Les voyageurs, le voyant en cette bonne résolution, ne voulurent pas l’importuner davantage. Au contraire, après lui avoir dit une autre fois adieu, ils poursuivirent leur chemin, pendant lequel les sujets d’entretien ne leur manquèrent pas, ayant à converser sur l’histoire de Marcelle et de Chrysostome, et sur les folies de don Quichotte. Celui-ci résolut d’aller à la recherche de la bergère Marcelle, et de s’offrir à son service. Mais les choses n’arrivèrent point comme il l’imaginait, ainsi qu’on le verra dans la suite de cette véridique histoire, dont la seconde partie se termine en cet endroit.
LIVRE TROISIÈME
Chapitre XV
Où l’on raconte la disgracieuse aventure que rencontra don Quichotte en rencontrant quelque Yangois [104] dénaturés
Le sage Cid Hamet Ben-Engeli raconte qu’aussitôt que don Quichotte eut pris congé de ses hôtes et de tous ceux qui s’étaient trouvés à l’enterrement de Chrysostome, il entra, suivi de son écuyer, dans le bois où ils avaient vu disparaître la bergère Marcelle; mais, après avoir erré çà et là pendant deux heures, la cherchant de toutes parts, sans avoir pu la rencontrer, ils arrivèrent à une prairie couverte d’herbe fraîche, au milieu de laquelle coulait un doux et limpide ruisseau. Conviés par la beauté du lieu, ils résolurent d’y passer les heures de la sieste; car l’ardeur de midi commençait à se faire rudement sentir.
Don Quichotte et Sancho mirent pied à terre, et, laissant l’âne et Rossinante paître tout à leur aise l’herbe abondante que le pré leur offrait, ils donnèrent l’assaut au bissac, et, sans cérémonie, en paix et en bonne société, maître et valet se mirent à manger ensemble ce qu’ils y trouvèrent.
Sancho n’avait pas songé à mettre des entraves à Rossinante; car il le connaissait pour si bonne personne et si peu enclin au péché de la chair, que toutes les juments des herbages de Cordoue ne lui auraient pas donné la moindre tentation. Mais le sort ordonna, et le diable aussi, qui ne dort pas toujours, que justement dans ce vallon se trouvassent à paître un troupeau de juments galiciennes que menaient des muletiers yangois, lesquels ont coutume de faire la sieste avec leurs bêtes dans les endroits où se trouvent l’herbe et l’eau.
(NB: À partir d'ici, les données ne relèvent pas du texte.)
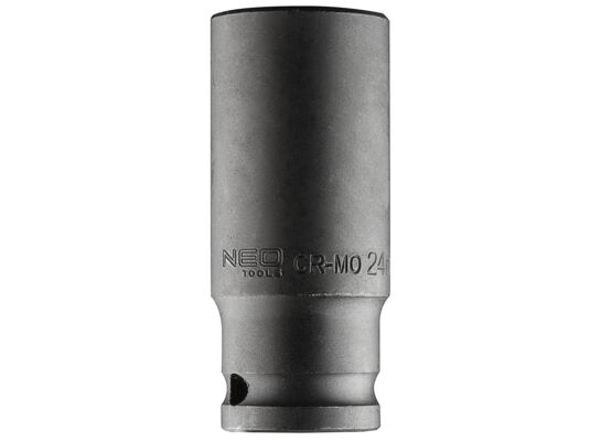Nasadka udarowa 24 mm długa, 1/2" NEO (nr ref. 12-324). Wykonana z wytrzymałej stali chromowo-molibdenowej. Pogrubione ścianki nasadki gwarantują jej wysoka wytrzymałość. Większa długość nasadki umożliwia dostęp do głębokich gniazd śrub. Marka NEO spełnia oczekiwania profesjonalistów.

Celui où s’était arrêté don Quichotte était donc fort à leur convenance. Or, il arriva que Rossinante sentit tout à coup le désir d’aller folâtrer avec mesdames les juments, et sortant, dès qu’il les eut flairées, de ses habitudes et de ses allures naturelles, sans demander permission à son maître, il prit un petit trot coquet, et s’en alla leur communiquer son amoureuse envie. Mais les juments, qui avaient sans doute plus besoin de paître que d’autre chose, le reçurent à coups de pieds et à coups de dents, si bien qu’en un moment elles rompirent les sangles de la selle, et le laissèrent tout nu sur le pré. Mais une autre disgrâce l’attendait, plus cuisante encore: les muletiers, voyant qu’il voulait faire violence à leurs juments, recoururent aux pieux qui servaient à les attacher, et lui assenèrent une telle bastonnade, qu’ils l’eurent bientôt jeté les quatre fers en l’air.